Опять же, природа всякого рода мирских дел, особенно требующих больших усилий, спешки или беспокойства, такова, что они отталкивают религию и держат ее далекой от ума. Вопрос в том, насколько такое состояние души вообще можно назвать недостатком серьезности; скорее это уже холод и безразличие к религиозным вопросам. Можно ли сказать, что это несерьезность? Отчасти так, ибо мы никогда не бываем серьезными в любом деле, которое считаем пустяковым. Обычно мы рассматриваем как пустяк всякую вещь, которая не затрагивает ни одной части наших привычных мыслей, по крайней мере по сравнению с другими вещами.  Этот мир даже в невинных вещах, которые нас радуют, имеет одну тенденцию, неблагоприятную для нас: он притупляет религиозное чувство. Но разве это все, что он может сделать? Если мы стремимся к тому сильному направлению, которое религия способна придать нашим мыслям, то, когда бы мы ни задумались о ней вообще, сильный интерес, который она представляет для нас, может позволить  ей одержать победу в состязании с миром. Но есть и другой противник, которому нужно противостоять гораздо больше, и это чувственность, пристрастие к чувственным удовольствиям. Плоть, которая борется против  духа - вот та война, которая ведется внутри нас.
Таким образом, независимо от того, что может быть причиной искушений, как грехи, как преступления против Божьих заповедей, оказывают специфическое воздействие на сердце человека в разрушении религиозного принципа внутри него, или, что еще более несомненно, в предотвращении формирования этого принципа. Они либо делают слова и поведение человека откровенно мирскими, отвергающими и презирающими религию, и сводят ее на нет, или же постепенно вызывают неизменное отвращение к религиозным предметам и неприязнь к ним, и нежелание входить в эти проблемы любым способом, каким бы то ни было. Что сознательный грешник должен противопоставить себя религии, которая не терпит никакого греха, не стоит удивляться. Он против религии, потому что религия против его образа жизни, в который он вступил и который он не чувствует себя готовым оставить. Но это еще не все и даже не самое главное. Эффект, на который мы намекаем, не так рационален или связан с аргументами, как многое другое. Это своеобразное воздействие на ум, при котором сердце становится невосприимчивым к религиозным впечатлениям, неспособным к  серьезному отношение к религии, и этот эффект принадлежит грехам чувственности больше, чем  другим грехам. На самом деле это расположение, которое почти повсеместно вытекает отсюда.

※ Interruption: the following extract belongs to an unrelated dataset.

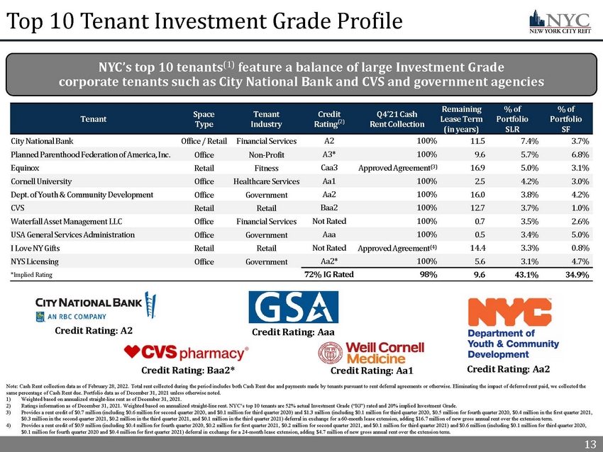 12 12 Detailed Property Summary Note: Data as of December 31, 2021. Portfolio Real Estate Assets, at cost ($ mm) Occupancy Remaining Lease Term (in years) % of Annualized Straight - Line Rent % of Portfolio Square Feet 123 William Street $288.9 91% 6.3 39% 47% _ 9 Times Square $185.9 61% 7.3 13% 14% _ 1140 Avenue of the Americas $175.0 74% 6.6 27% 21% _ 196 Orchard Street $89.4 100% 13.1 12% 5% _ 400 E. 67th Street $73.6 100% 2.5 7% 5% _ 200 Riverside Blvd. - ICON $19.3 100% 0.3 1% 5% _ 8713 Fifth Avenue $15.6 69% 2.0 1% 2% _ 421 W. 54th Street – Hit Factory $5.0 0% 0.0 0% 1% _ Total Portfolio $852.7 83% 6.9 100% 100% _ Note: Map shows seven properties located in Manhattan. Medical office building in Brooklyn not pictured. $853 million portfolio that is diversified across eight mixed - use office and retail condominium buildings that are primarily located in Manhattan

Обычно мы измеряем важность вещей не тем, что они есть на самом деле, но по общему согласию и по отношению к пространству и месту, которые они занимают в нашем мнении. Наши дела, стремления, достижения, потери, состояния сильно занимают наши умы, имеем ли мы в виду часы или усилия, которые мы тратим на размышления о них. Религия обычно занимает гораздо меньшее место в нашей мысли и по времени, и по серьезности, и результатом является то, что мирские интересы становятся для нас самой серьезной вещью, а религия по сравнению с ними  оказывается пустяком. Деловые люди, как правило, серьезны, но вся их серьезность поглощена мыслями о мирских делах. В религии они обычно не более серьезны, чем самые легкомысленные из людей, не придающие ей почти никакого значения.
Опять же: недостаток должной серьезности в религии почти наверняка  будет следствием отсутствия религиозных обрядов и упражнений или отказа от них. Некоторые с рождения не участвовали ни в каких религиозных обрядах и таинствах и никогда не практиковали каких-либо упражнений; некоторые делали это очень редко. Есть и другие - и многие боятся, что это описание подойдет к ним - кто, находясь под руководством своих родителей, часто посещал религиозные службы и был обучен многим упражнениям, но, когда они вышли в жизнь и стали сами себе хозяевами, и почувствовали вкус мирских удовольствий и дел ради себя, оставили эти обязанности в целом или в большой степени.
Но я должен также объяснить, что я подразумеваю под всем этим. Под обрядами и таинствами я имею в виду наставление в нашем катехизисе в нашей Церкви, присутствие на публичном богослужении, регулярное соблюдение святого дня Господня вместе с несколькими другими днями в году, в которых поминаются некоторые очень принципиальные события христианской истории, и торжественное принятие Вечери Господней хотя бы несколько раз в году. Это основные обряды и установления христианства; но что о них может сказать большая часть людей, которые уделяют большую часть своего времени и сил житейским заботам, а религии  немногим меньше, чем абсолютно необходимо? Если мы решим, что этого достаточно для поддержания религиозного чувства и впечатлений, то любая серьезность в нашем уме угаснет совсем.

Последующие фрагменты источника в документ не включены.